The Beck Center for the Arts has a long history of enriching the Northeast Ohio community through performing arts, arts education, visual art, and therapy programs.
But the 87-year-old Lakewood institution at 17801 Detroit Ave. needs a bit of a facelift to its 3.5-acre campus to keep serving the 60,000 people who rely on the Beck Center annually for entertainment and services.
On Tuesday, March 10, Beck officials will kick off the public portion of its $5.7 million “Creating our Future” capital campaign to update two buildings—one of which is more than 100 years old—and raze a third building to bring the complex into the 21st century.
“There’s a huge need to create accessibility, and there’s a huge need to create energy efficiency,” says Cindy Einhouse, the Beck Center’s president and CEO. “Many of our spaces had different original purposes, and the level of teaching is so high, we want to make sure the experience is at the same level.”
The campaign began its quiet phase more than three years ago, says Einhouse, and has in that time raised $3.5 million from Northeast Ohio individuals, corporations, and foundations, but now officials are asking for the public to help raise the remaining money needed for the renovations.
“You go to the people who know you best to get it going,” Einhouse says. “And now it’s time for the public phase,” which will kick off March 10 with the Raise the Roof event in the main gallery. The rally will include a reception, short presentation, and renderings of the project.
The renovations and updates, designed by Bialosky Cleveland, will turn the Beck Center campus into a state-of-the-art facility, equipped to serve everyone who comes through the center for arts entertainment and education. Turner Construction will oversee the construction.
The campus consists of three buildings with 77,500 square feet of programmable space—some of which includes the original 1915 building that housed the Lucier Movie Theater that existed until the beginning of the Great Depression. The Lakewood Little Theater took the building over in 1929 before it became the Beck Center for the Arts in 1972 after the last capital campaign.
Beck Center for the Arts rendered site plan.
Businessman Kenneth C. Beck earned naming rights to the center when he matched the $600,000 raised to break ground on the theater expansion in 1975 (the previous largest fundraiser was held at the height of the Depression, when Lakewood Little Theatre patrons raised $10,000 for a proscenium opening to the new stage—pretty impressive, says Einhouse).
With a combination of 1915 and 1975 buildings, a lot of the renovations center around creating greater accessibility throughout the campus, says Einhouse, beginning with the 1970s front entrance to the main building.
“The entrance is too narrow, and the vestibule isn’t big enough for someone in a wheelchair to come in the front door,” Einhouse says of the current entrance, noting that wheelchair users must enter the theater through the rear entrance.
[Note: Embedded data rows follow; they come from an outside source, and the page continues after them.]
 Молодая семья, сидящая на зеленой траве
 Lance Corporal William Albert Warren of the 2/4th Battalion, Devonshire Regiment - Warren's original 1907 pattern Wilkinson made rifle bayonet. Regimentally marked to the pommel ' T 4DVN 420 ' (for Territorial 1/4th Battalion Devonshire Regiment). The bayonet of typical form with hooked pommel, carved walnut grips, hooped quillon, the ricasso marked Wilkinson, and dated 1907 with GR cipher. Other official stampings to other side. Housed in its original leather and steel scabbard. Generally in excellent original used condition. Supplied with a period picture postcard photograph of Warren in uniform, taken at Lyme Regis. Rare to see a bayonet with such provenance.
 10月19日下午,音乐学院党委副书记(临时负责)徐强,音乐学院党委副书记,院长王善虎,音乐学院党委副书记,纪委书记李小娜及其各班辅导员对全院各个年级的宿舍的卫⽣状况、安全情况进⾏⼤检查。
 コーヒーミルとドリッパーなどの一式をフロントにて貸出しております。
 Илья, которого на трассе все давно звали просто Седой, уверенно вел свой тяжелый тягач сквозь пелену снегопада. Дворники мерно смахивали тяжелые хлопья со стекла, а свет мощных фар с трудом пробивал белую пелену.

Part of the renovations includes installing ramps and accessible doorways throughout the Beck Center.
Replacing the front entrance, as well as replacing a 1970s inefficient translucent skylight that leaks, are two of the tactics the renovation is taking to save energy. The Beck Center recently replaced its theatrical lighting with energy-efficient LED lighting, thanks to a grant from the Gund Foundation.
Einhouse says the plans also call for tearing down the Creative Arts building to save money. “We are in the process of getting approval to tear down the building and make it into a pocket park,” she says. “It will save a lot of money in the future because it costs more to maintain three buildings instead of two.”
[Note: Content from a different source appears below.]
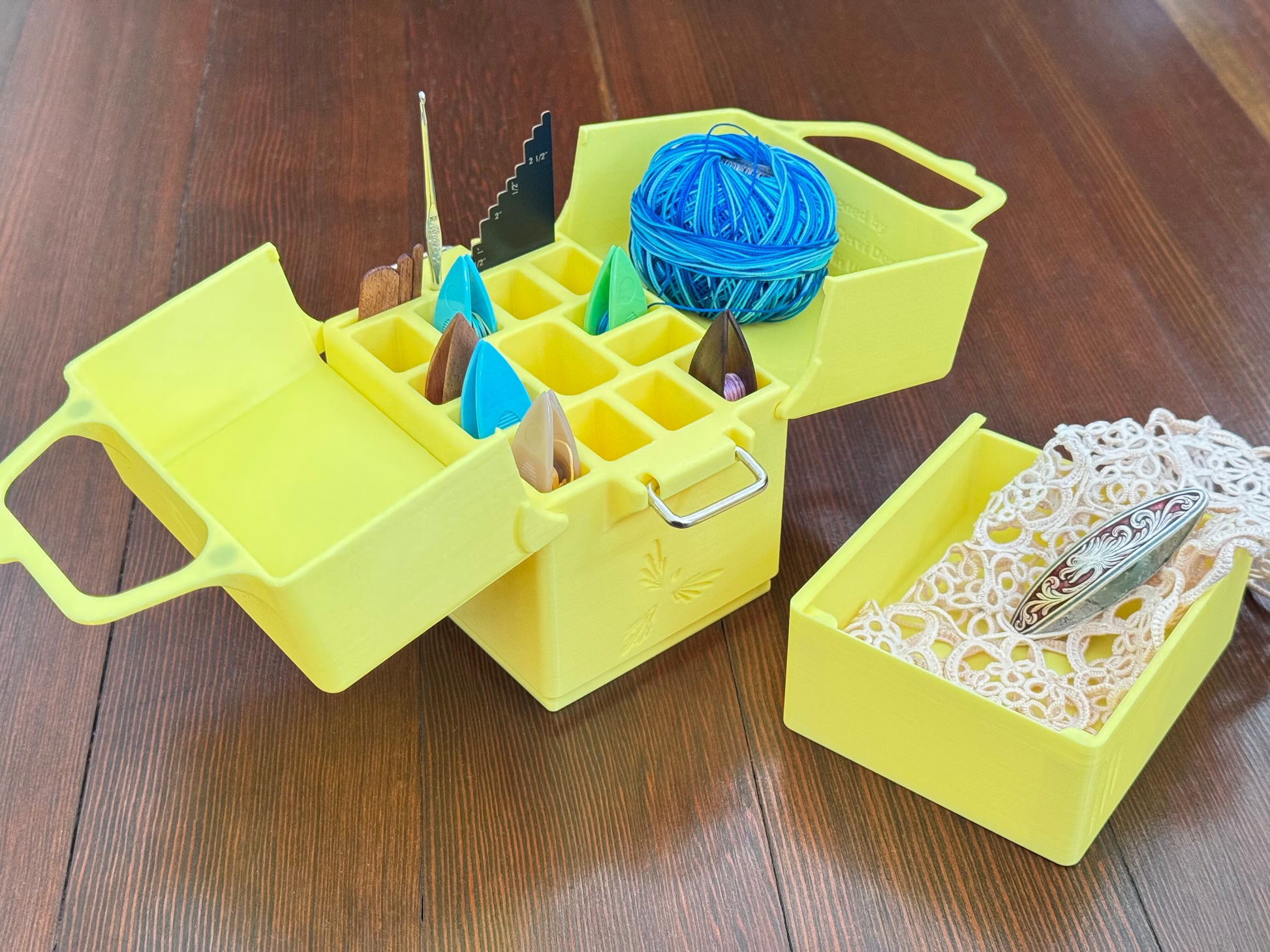 The Helix has rings on either side of the case for easy conversion into a purse, as well as a slide-on, magnet-secured compartment on the base of the toolbox body for larger tools and work in progress. Purse straps are not included with the Tatting Toolbox.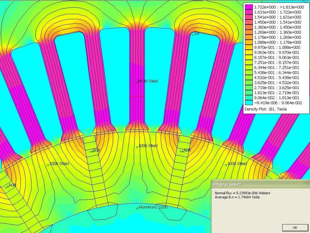 Zrobiłem trzy analizy z „użyciem” magnesów N38 o przekroju 7mm x 2,4 mm. dla średnicy stojana 98mm i średnicy wirnika 97,2mm, stojan 48 żłobków, 16 biegunów na wirniku.

Beck Center clients in the art therapies program.Programs now held in that building—dance and creative arts therapies—will transfer to the other two buildings. Visual Arts and Theater Education classrooms will also be updated. The Armory, or the back building, will be converted to a music and creative arts therapies center and improve the existing performance space.
In the 1915 section, which comprises the classrooms, there are steps down into every room, making them inaccessible to many patrons. Since the Beck Center is known for providing arts education for all ages and abilities, including sensory-friendly music programming, Einhouse says these changes are especially important to the center.
Plans call for literally raising the roof on the second floor of the main building to elevate the current eight-foot ceilings to 16 feet high—allowing the dancers to leap to new heights in two new state-of-the-art dance studios. Four dance studios on the first floor make up a combined 4,100 square feet.
In addition to raising the funds for the renovations, Einhouse says money will also be earmarked to create a “Fund for Innovative Programming of the Future” to allow the Beck Center to keep up with technology in the arts.
“We don’t even know what that is, because arts education and technology evolve so quickly,” she says. “There will be future innovation we want to be prepared for, take advantage of, and offer it to the public.”